Tuesday, 16:00-17:30Room: Room S6
Authors (first author is the speaker)
| 1. | Imanol Gago-Carro
|
| BCAM - Basque Center for Applied Mathematics | |
| 2. | MarĂa Merino
|
| Mathematics, University of the Basque Country-UPV/EHU; Basque Center for Applied Mathematics-BCAM | |
| 3. | Unai Aldasoro
|
| Applied Mathematics, University of the Basque Country (UPV/EHU) | |
| 4. | Dae-Jin Lee
|
| IE University |
Abstract
Health emergencies represent critical junctures where precise decision-making can determine between a dire outcome and a manageable situation. The efficiency of emergency medical service (EMS) operations hinges, to a large extent, on strategic ambulance positioning and real-time allocation. This study delves into the challenges of ambulance location-allocation within the geographical area of the Basque Country (Spain), served by a fleet of 90 ambulances composed of both ALS and BLS ambulances.

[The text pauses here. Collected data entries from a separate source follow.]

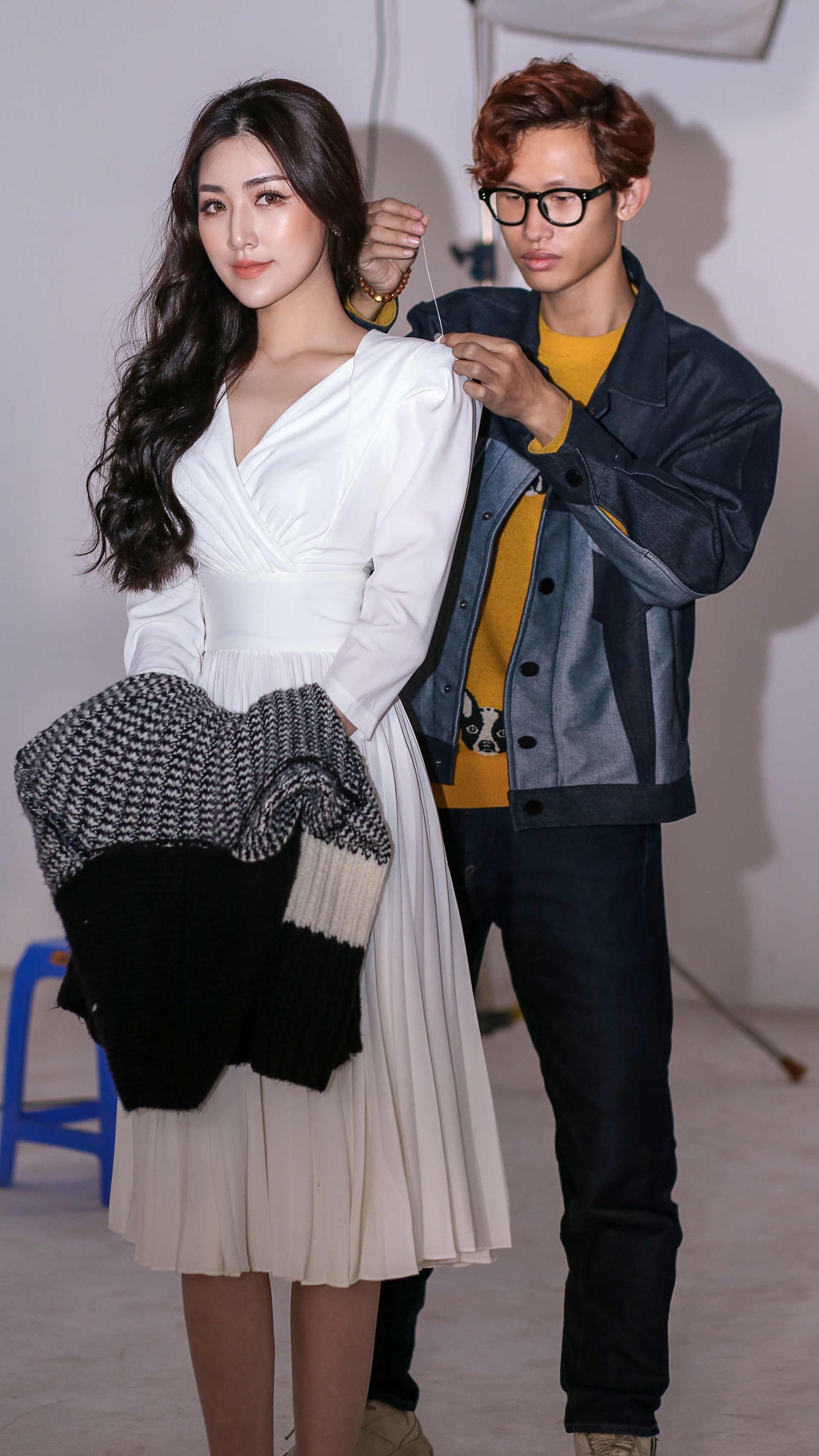 | Gần Tết là thời điểm nhiều nhãn hàng ra mắt bộ sưu tập áo dài. Tôi làm việc với diễn viên Quỳnh Nga nhằm giúp cô ấy có vẻ ngoài chỉn chu nhất khi chụp lookbook. |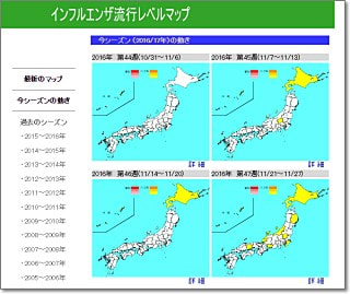 インフルエンザの流行状況を、確認できるサイト3つ。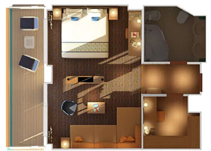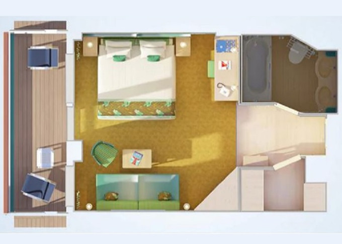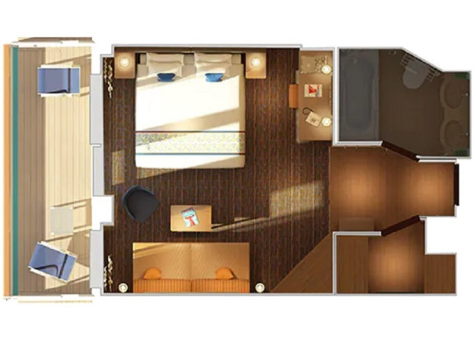 | HI - Kajuta Havana s väčším balkonem Aft Extended 17 m² / balkon 7 m². Vzadu. Tropický styl, vstup do exkluzivní zóny Havana. | 57 499 Kč 28 750 Kč za osobu | ||

Leveraging historical data, we use a Box-Cox Cole and Green distribution to forecast response times. Our approach centers on a two-stage stochastic mixed 0-1 linear programming model aimed at optimizing the primary objective of maximizing expected coverage. Additionally, we account for secondary objectives, such as minimizing average response time and integrating risk aversion measures like Conditional-Value-at-Risk, within a hierarchical compromise framework.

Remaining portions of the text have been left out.